Tony Blair calls for the UK to use up ALL coronavirus vaccine supplies on one dose strategy

Tony Blair calls for the UK to use up ALL coronavirus vaccine supplies to get at least one dose of the jab to millions of people as NHS doctors are ‘frustrated’ with slow roll-out

  • Former PM said today two-dose plan ‘must be altered and radically accelerated’
  • Both Pfizer and Oxford’s vaccine are given in two doses over three week period
  • He called for students and other super spreaders to be prioritised for dose of jab

Tony Blair has called for Britain to scrap its current coronavirus vaccination strategy and give ‘as many people as possible’ a single dose of the jab to curb the spread of the mutant strain racing through the UK.

The former prime minister said today the present two-dose vaccination plan which prioritises elderly and vulnerable people ‘must be altered and radically accelerated’ in the face of the highly infectious variant.

Currently the only Covid vaccine approved for use in the UK is Pfizer/BioNTechs’, but one made by Oxford University is expected to get the green light in the coming weeks — both need to be administers via two shots three weeks apart to work fully.

Britain’s medical regulator has ruled Pfizer’s vaccine can block Covid a week after the second dose, but the US’ drugs regulator found it provided ‘strong protection’ to about half of patients seven days after the first. 

However, the single-dose method hasn’t been definitively put to the tes, so scientists can only infer from the trial data that Pfizer’s vaccine would stimulate a good enough immune response in roughly half of people who get one dose. 

Mr Blair said students and other asymptomatic spreaders of the disease should be prioritised, along with frontline healthcare staff and the elderly and vulnerable, to tackle the winter wave of infections.

Writing in a column in the Independent, he said: ‘The Medicines and Healthcare products Regulatory Agency should clear the Oxford-AstraZeneca vaccine within days, to add to the Pfizer one. We have several million doses available and with perhaps another 15 million available in January. 

‘It is a two-dose vaccine, but even the first dose will provide substantial immunity, with full effectiveness coming with a second dose two to three months later – longer than originally thought.

‘We should consider using all the available doses in January as first doses, that is, not keeping back half for second doses. Then, as more production is rolled out, we will have enough for the second dose.  
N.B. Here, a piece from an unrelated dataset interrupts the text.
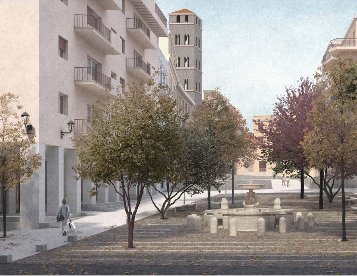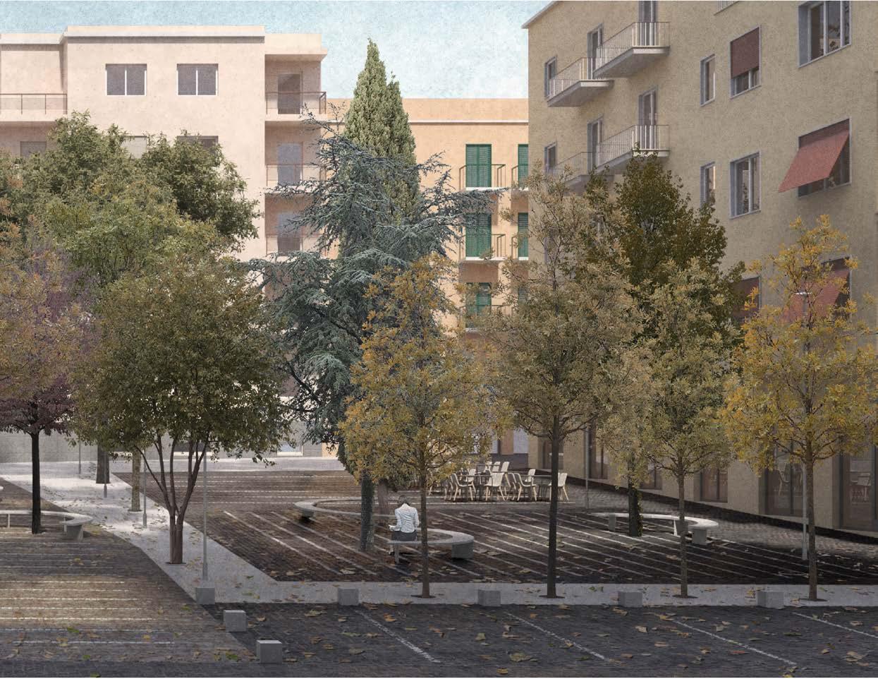 La piazza è un vuoto urbano, centrale, che si presenta come un melting pot di emergenze sconnesse di difficile lettura. La presenza di elementi rilevanti dal punto di vista storico, come la Torre del Trivio, la fontana del Rainaldi, ad oggi risultanti del traffico, non ha forza di generare aggregazione. Il progetto nasce dalla volontà di unificare in un sistema eterogeneo le stratificazioni storiche, attraverso la creazione di “zolle” di pavimentazione nuova e di recupero, che funzionalizzano e mettono in relazione attività, persone ed elementi identitari. Questo nuovo “tappeto urbano”, totalmente accessibile, ha l’obiettivo di pedonalizzare la piazza e culmina in un pieno vegetale, inteso come estensione della adiacente Villa Ginetti, elemento che sintetizza territorialità, scenografia, sostenibilità e controllo climatico, identità.

Britain should give ‘as many people as possible’ a single dose of a coronavirus vaccine to curb the spread of the mutant strain racing through the UK, according to Tony Blair

‘Thirty million Johnson and Johnson vaccines – which is a one-dose vaccine – should also be with us by end of January. We should aim to use them all in February.

‘We should continue to prioritise frontline health staff and the most vulnerable, but let this not hold up vaccinating others.

‘The aim should be to vaccinate as many people as possible in the coming months. The logic behind age is naturally heightened risk of mortality.

‘But if it is the spread we’re anxious about, then it makes sense to consider vaccinating those doing the spreading, in particular certain occupations or age groups such as students.’